[[ Provided material, beginning ]]

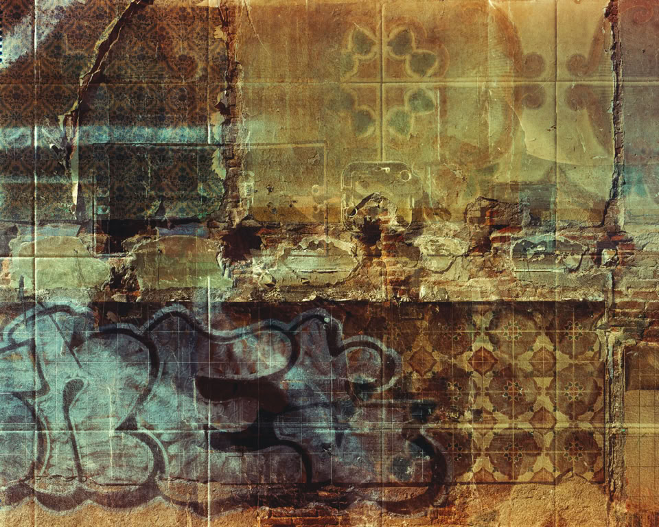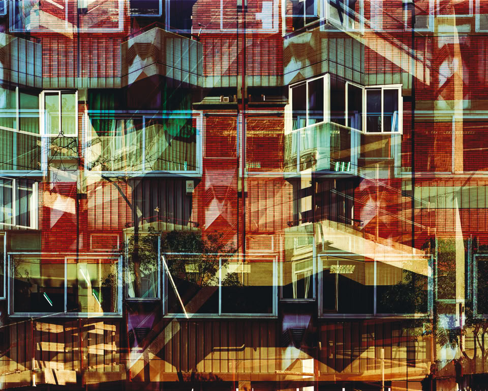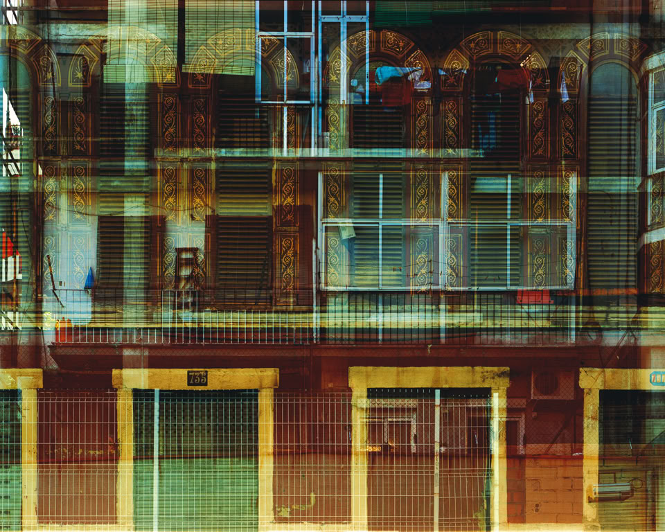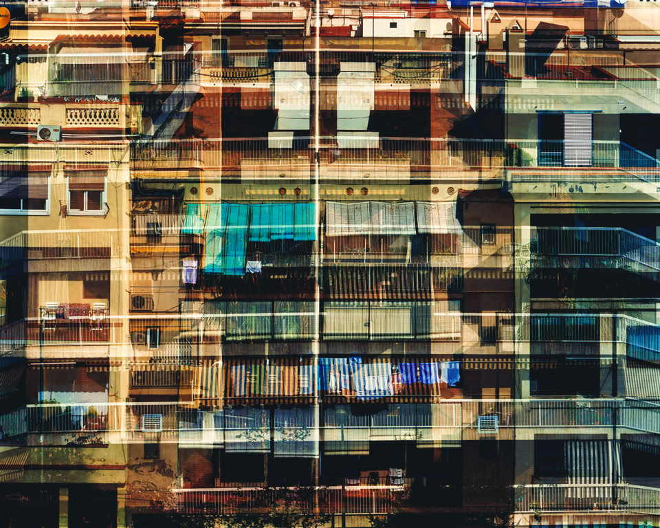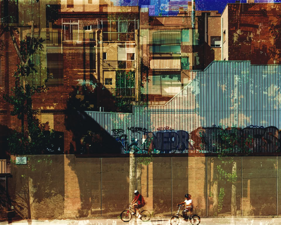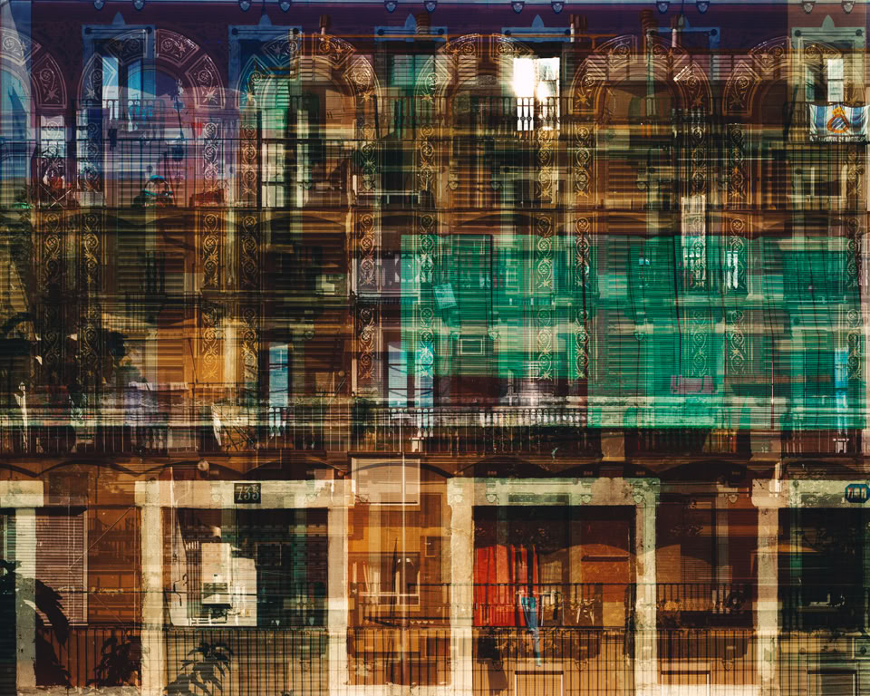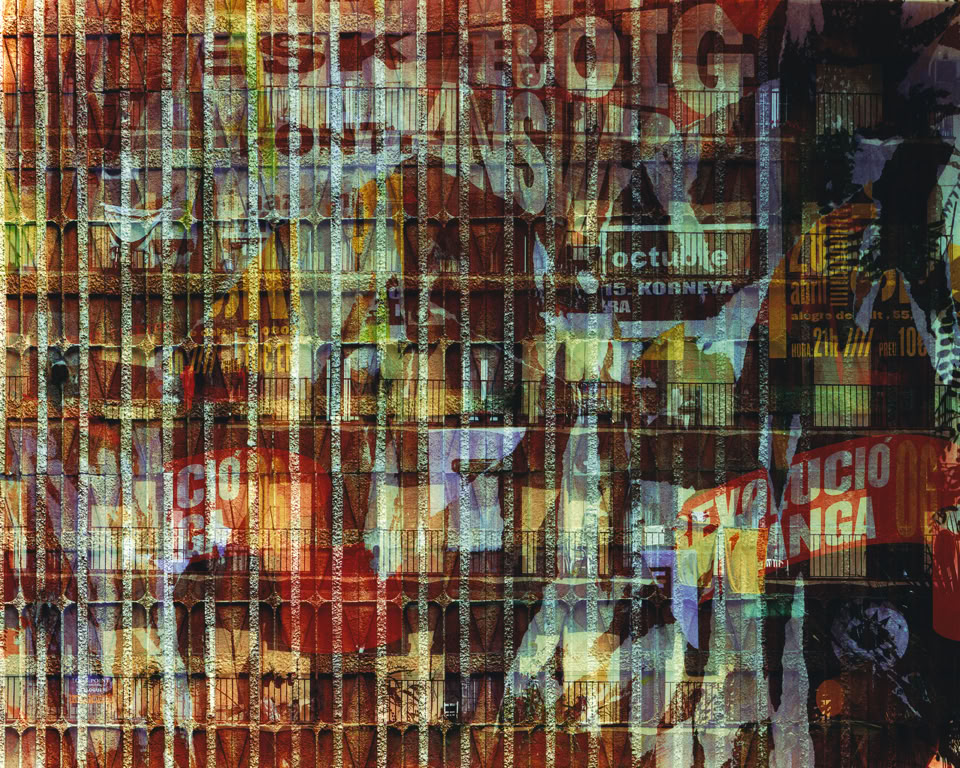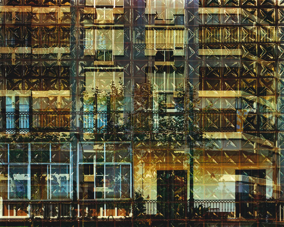 The final prints in the series have between two and five individual images layered as multiple exposures, made on location at the time on one sheet of 5x4 inch film. Each image layers architectural cross-sections of the medieval Old City and the modernist L’Exiample as grids that blend together to form organic inter- textures, revealing evidence of life the citizens have etched onto the urban surfaces.
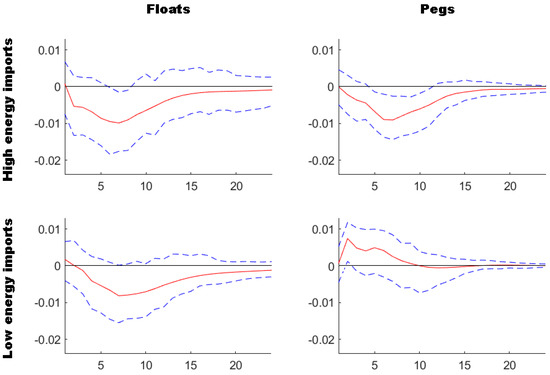 In the final model, we add our second interaction term—the exchange rate regime dummy. The impulse response functions are presented in Figure 3.
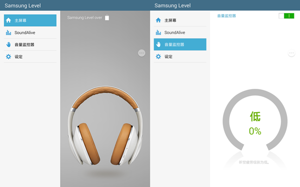 不过既然是三星的机型,理应会和三星手机平板形成更好的联动,事实也是如此,三星特意开发了一款 Samsang Level 应用,优化对 Level 耳机产品的使用。比如显示了耳机电池的电量,不过并非以百分比显示,经过了约 6 个小时的不间断播放,这个界面示意消耗了约五分之一的电量。另外还有一个比较贴心的音量监控器功能,可以显示听觉疲劳程度,如果是在较小音量下听音乐的话,这个计量表的增长非常缓慢。
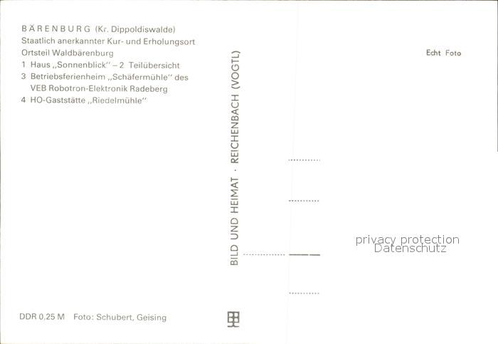 72406004 Waldbaerenburg Haus Sonnenblick Ferienheim Schaefermuehle Restaurant Riedelmuehle postalisch nicht gelaufen Erhaltung siehe scans KatCode: 11110014290010
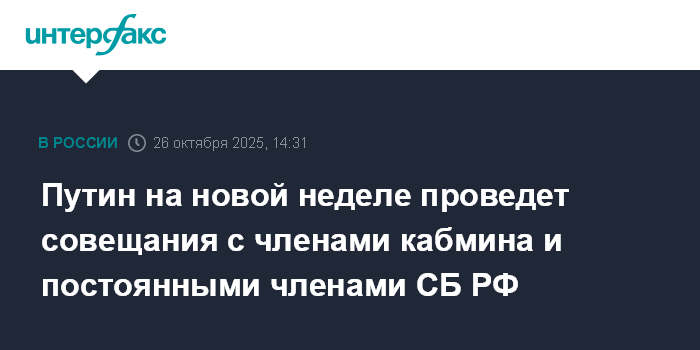 Москва. 26 октября. INTERFAX.RU - Президент РФ Владимир Путин на следующей неделе проведет совещания с членами правительства и с постоянными членами Совета безопасности, сообщает программа "Москва. Кремль. Путин" телеканала "Россия-1" (ВГТРК).
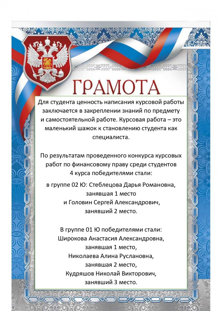 29 февраля 2024 г. конкурс курсовых работ по Финансовому праву для студентов 4 курса юридического института
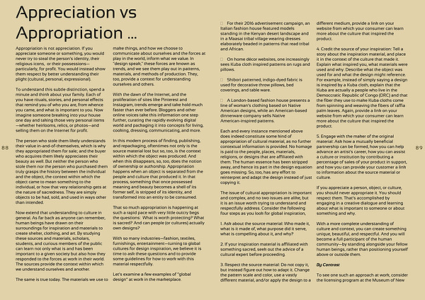 5. Engage with the maker of the original material: Ask how a mutually beneficial partnership can be formed, how you can help advance an artist's career, how you can assist a culture or institution by contributing a percentage of sales of your product in support, and how you can provide your customer a link to information about the source material or culture.
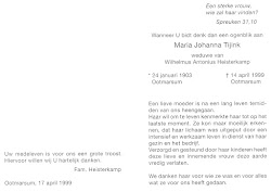 Maria Johanna Tijink is overleden op 14 april 1999 op 96-jarige leeftijd te Ootmarsum
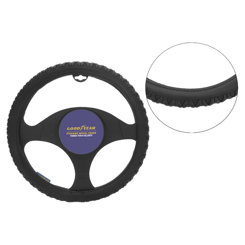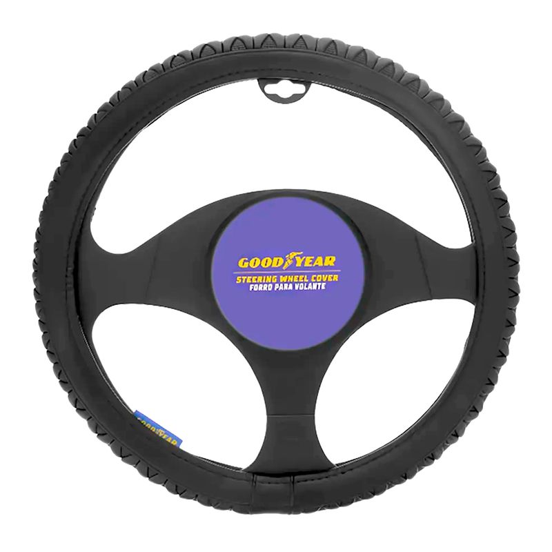 Forro para volante color negro con diseño tejido. Combina resistencia y suavidad al tacto. Su ajuste firme garantiza un mejor agarre al conducir, mientras protege el volante original del desgaste y eleva la apariencia del interior de tu auto Medidas del producto (Alt+Anch+Prof): 39 x 39 x 3,5 cm GOOD YEAR
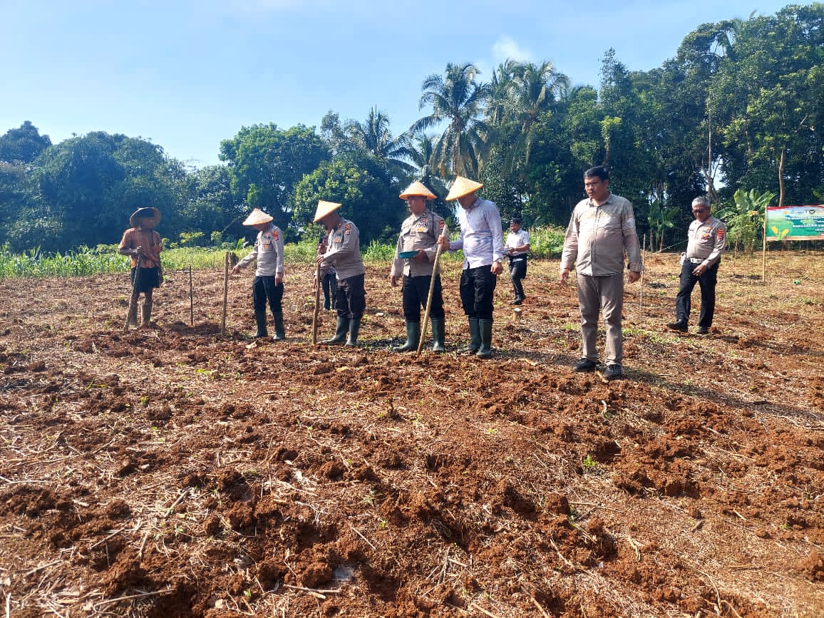 Penanaman Jagung serentak Kuartal IV Seluruh Indonesia di lahan milik kelompok tani Bpk. Maman Rt. 01/01 Kp. Macute Kel. Angsana Kec. Mancak-Serang daerah hukum Polres Cilegon.
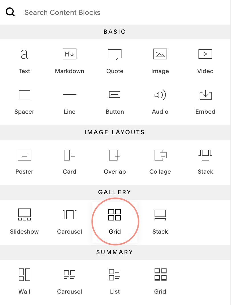 Under that text section, click the blue (+) to add a new section. Instead of blank, select a Gallery Section. Select any of the options that appear (we’ll change it in a second), and a gallery section should add on to your page.
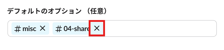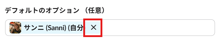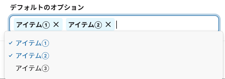 こちらもデフォルトのオプションが設定できます!複数選択肢なので、複数のオプションが選択できます。「やはりこれは外したい…」と思ったとき、×のマークから外せます!
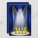 Gold 2025 text in the spotlight with blue stage curtain for graduation party invitation.

[[ Provided material, end ]]

# What you need to do
Print the material verbatim; drop the pictures.

# Output
 The final prints in the series have between two and five individual images layered as multiple exposures, made on location at the time on one sheet of 5x4 inch film. Each image layers architectural cross-sections of the medieval Old City and the modernist L’Exiample as grids that blend together to form organic inter- textures, revealing evidence of life the citizens have etched onto the urban surfaces.
 In the final model, we add our second interaction term—the exchange rate regime dummy. The impulse response functions are presented in Figure 3.
 不过既然是三星的机型,理应会和三星手机平板形成更好的联动,事实也是如此,三星特意开发了一款 Samsang Level 应用,优化对 Level 耳机产品的使用。比如显示了耳机电池的电量,不过并非以百分比显示,经过了约 6 个小时的不间断播放,这个界面示意消耗了约五分之一的电量。另外还有一个比较贴心的音量监控器功能,可以显示听觉疲劳程度,如果是在较小音量下听音乐的话,这个计量表的增长非常缓慢。
 72406004 Waldbaerenburg Haus Sonnenblick Ferienheim Schaefermuehle Restaurant Riedelmuehle postalisch nicht gelaufen Erhaltung siehe scans KatCode: 11110014290010
 Москва. 26 октября. INTERFAX.RU - Президент РФ Владимир Путин на следующей неделе проведет совещания с членами правительства и с постоянными членами Совета безопасности, сообщает программа "Москва. Кремль. Путин" телеканала "Россия-1" (ВГТРК).
 29 февраля 2024 г. конкурс курсовых работ по Финансовому праву для студентов 4 курса юридического института
 5. Engage with the maker of the original material: Ask how a mutually beneficial partnership can be formed, how you can help advance an artist's career, how you can assist a culture or institution by contributing a percentage of sales of your product in support, and how you can provide your customer a link to information about the source material or culture.
 Maria Johanna Tijink is overleden op 14 april 1999 op 96-jarige leeftijd te Ootmarsum
 Forro para volante color negro con diseño tejido. Combina resistencia y suavidad al tacto. Su ajuste firme garantiza un mejor agarre al conducir, mientras protege el volante original del desgaste y eleva la apariencia del interior de tu auto Medidas del producto (Alt+Anch+Prof): 39 x 39 x 3,5 cm GOOD YEAR
 Penanaman Jagung serentak Kuartal IV Seluruh Indonesia di lahan milik kelompok tani Bpk. Maman Rt. 01/01 Kp. Macute Kel. Angsana Kec. Mancak-Serang daerah hukum Polres Cilegon.
 Under that text section, click the blue (+) to add a new section. Instead of blank, select a Gallery Section. Select any of the options that appear (we’ll change it in a second), and a gallery section should add on to your page.
 こちらもデフォルトのオプションが設定できます!複数選択肢なので、複数のオプションが選択できます。「やはりこれは外したい…」と思ったとき、×のマークから外せます!
 Gold 2025 text in the spotlight with blue stage curtain for graduation party invitation.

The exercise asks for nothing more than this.